I saw all the mirrors on the Earth, and none of them reflected me.

Fingerprint: 6266b0d — Drift: 17d · 17.00h · +0.0h · 502 wc

First Came The Light

Physical laws unfold into total erasure.

Created: 2021-02-27
Domain: Journal
Division: Writing
Modified: 2026-01-28
RSS: RSS

Note

I was originally writing this for a college writing contest, but I never entered it. Decided to keep it where it is.

First Came The Light

First came the light. Not light as the eye knows it, not color, not shape, not photons scattering obediently through the soft lens of perception, but light that tore apart the act of seeing itself. A pulse of energy so sudden, so vast, that it unraveled the delicate filaments connecting thought to the world. It wasn't light. It was the absence of shadow, the annihilation of contrast, a brightness that left no room for the human mind to parse anything but white.
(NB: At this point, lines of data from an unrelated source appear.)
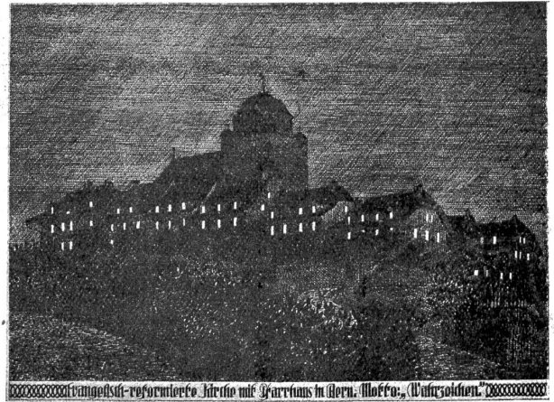
Veielhubelkirche — Nachtbild aus Osten. (Entw. v. Arch. K. Indermühle.)
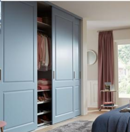
Kasten op maat

Poeldijk 13 3621 CZ Breukelen Telefoon 0346-251981 www.delangebreukelen.nl
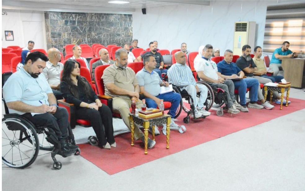
اجتماع : جانب من اجتماع اللجان المالية في الباراولمبية
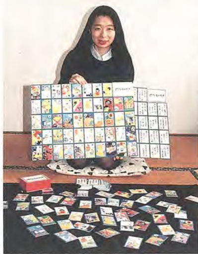
ごみの「物知り博士」になれるよ

とき 2月18日(金) 午後1時半～4時 ところ 教育福祉会館5階講堂 対象 市内在住のかた・市内の事業所のかた、先着200人 内容 事例発表「自らの手できれいなまちづくり」・「資源化率24パーセントを振り返って」 講演「事業者責任ってなに」 費用 無料 申し込み 2月1日(火) 午前9時から、クリーン推進室へ電話か直接 問い合わせ クリーン推進室

Then came the wave. Not air pushed forward by heat or motion, but the deconstruction of space as a coherent medium. A pressure so total that molecules fused briefly into strange geometries before collapsing into chaos. The atmosphere itself seemed to momentarily give up, its tenuous grasp on matter overwhelmed by the violence spilling out into every dimension at once.

The survivors, such as they were, would later swear they felt nothing. No heat, no sound, no pain, just the absence of things. A pressure so deep and omnipresent it erased sensation altogether, leaving behind only the shadows of bodies vaporized faster than the nerve endings could signal their failure.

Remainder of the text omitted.